PENAS XIV KTNA: 35.000 Petani Dan Nelayan Hadiri Di Malang


Bisnis.com, MALANG - Pekan Nasional (Penas) petani Nelayan ke XIV di Stadion Kanjuruhan Kepanjen Kabupaten Malang, Jawa Timur, diikuti tak kurang 35.000 petani dan nelayan.

Ketua Panitia Pelaksana Penas yang juga Ketua Kelompok Tani Nelayan Andalan (KTNA), Winarno Tohir, mengatakan peserta tersebut datang dari 34 provinsi dan 500 kota/kabupaten di Indonesia.

“Mereka (peserta) terbagi dalam tiga kelompok yakni utama (petani dan nelayan) yang mencapai 75%, 30% pendamping (petugas dari pemerintah pusat, provinsi, dan daerah), serta sisanya peninjau yang berasal dari organisasi profesi, pakar, peneliti, dan pelaku agribisnis,” kata Winarto dalam pembukaan Penas ke XIV di Stadion Kanjuruhan Kepanjen Kabupaten Malang. Selain itu, perwakilan petani dari ASEAN dan Jepang juga hadir sebanyak 60 orang. Dalam pembukaan, sejumlah duta besar negara sahabat, menteri kabinet Indonesia bersatu jilid II, gubernur, anggota DPR dari Komisi IV, bupati dan wali kota se-Indonesia juga terlihat hadir.

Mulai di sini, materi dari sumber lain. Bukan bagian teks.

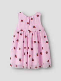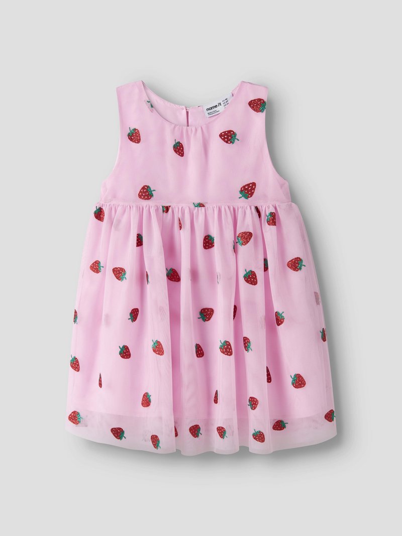 Rožinė rankovių neturinti mažylio suknelė su raudonais braškių raštais ir suknelės apačia raukšlėta, išdėstyta lygiai ant šviesios fono.

Penas sendiri akan menampilkan 32 jenis kegiatan yang dirangkum dalam tujuh kelompok bidang. Selain itu peserta Penas juga akan mendapat tambahan berupa kegiatan magang di tempat petani sukses maupun di UPT pertanian serta BPPT.
“Penas harapannya bisa menjadi ajang pertemuan bagi petani nelayan untuk saling bertukar informasi, belajar, serta meningkatkan motivasi kepada generasi muda untuk cinta kepada bidang pertanian dan perikanan,” jelas dia.

Menteri Pertanian, Suswono, mengatakan melalui Penas para peserta diharapkan bisa meningkatkan jejaring dan saling belajar dalam upaya meningkatkan produksi maupun kesejahteraan.

“Sekaligus bisa menjadi ajang evaluasi atau umpan balik atas capaian kerja di bidang pertanian dan perikanan,” ujarnya.
Dalam empat tahun terakhir menurut Suswono sektor pertanian juga mampu menunjukkan kinerja yang baik. Hal itu ditandai dengan peningkatan produksi sejumlah komoditas seperti padi, jagung, kedelai, tebu, maupun daging di tengah situasi yang berkembang seperti perubahan iklim maupun serangan hama dan penyakit.

Pada kesempatan itu menteri pertanian juga menyerahkan buku Strategi Induk Pembangunan Pertanian (SIPP) kepada sejumlah pemimpin daerah yang merupakan upaya menjawab tantangan jangka panjang di bidang pertanian selama 2013-2045.

“SIPP merupakan upaya untuk mewujudkan Indonesia sebagai negara yang mandiri, bermartabat, dan unggul di bidang pertanian dan pangan,” tambah dia.